→ **What you are asked to do**:
Whenever a line in the material below includes "Παύλος", copy that line.

→ **Information given**:
※ ※ ※

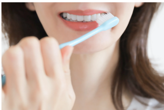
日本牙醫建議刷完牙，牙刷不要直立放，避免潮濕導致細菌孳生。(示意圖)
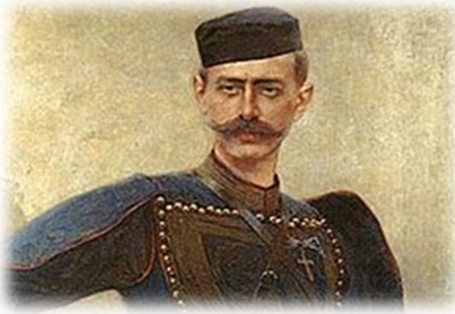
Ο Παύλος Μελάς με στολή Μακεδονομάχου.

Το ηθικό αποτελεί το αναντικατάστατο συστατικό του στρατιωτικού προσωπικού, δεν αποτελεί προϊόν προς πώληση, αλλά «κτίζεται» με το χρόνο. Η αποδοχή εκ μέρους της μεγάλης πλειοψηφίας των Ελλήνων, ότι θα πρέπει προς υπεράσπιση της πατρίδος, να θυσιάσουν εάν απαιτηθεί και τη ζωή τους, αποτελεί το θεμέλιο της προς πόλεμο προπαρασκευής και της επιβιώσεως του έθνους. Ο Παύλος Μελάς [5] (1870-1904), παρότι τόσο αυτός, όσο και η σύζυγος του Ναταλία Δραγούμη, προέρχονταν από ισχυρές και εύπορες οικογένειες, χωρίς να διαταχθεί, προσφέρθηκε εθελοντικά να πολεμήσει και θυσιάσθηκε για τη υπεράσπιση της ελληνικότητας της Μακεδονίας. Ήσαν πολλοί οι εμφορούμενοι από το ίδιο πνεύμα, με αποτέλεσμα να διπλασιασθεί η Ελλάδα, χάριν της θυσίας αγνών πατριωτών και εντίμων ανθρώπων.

※ ※ ※

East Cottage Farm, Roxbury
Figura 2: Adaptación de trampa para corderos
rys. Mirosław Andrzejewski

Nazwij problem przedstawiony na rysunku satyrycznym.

※ ※ ※

→ **Task output**:
Ο Παύλος Μελάς με στολή Μακεδονομάχου.
Το ηθικό αποτελεί το αναντικατάστατο συστατικό του στρατιωτικού προσωπικού, δεν αποτελεί προϊόν προς πώληση, αλλά «κτίζεται» με το χρόνο. Η αποδοχή εκ μέρους της μεγάλης πλειοψηφίας των Ελλήνων, ότι θα πρέπει προς υπεράσπιση της πατρίδος, να θυσιάσουν εάν απαιτηθεί και τη ζωή τους, αποτελεί το θεμέλιο της προς πόλεμο προπαρασκευής και της επιβιώσεως του έθνους. Ο Παύλος Μελάς [5] (1870-1904), παρότι τόσο αυτός, όσο και η σύζυγος του Ναταλία Δραγούμη, προέρχονταν από ισχυρές και εύπορες οικογένειες, χωρίς να διαταχθεί, προσφέρθηκε εθελοντικά να πολεμήσει και θυσιάσθηκε για τη υπεράσπιση της ελληνικότητας της Μακεδονίας. Ήσαν πολλοί οι εμφορούμενοι από το ίδιο πνεύμα, με αποτέλεσμα να διπλασιασθεί η Ελλάδα, χάριν της θυσίας αγνών πατριωτών και εντίμων ανθρώπων.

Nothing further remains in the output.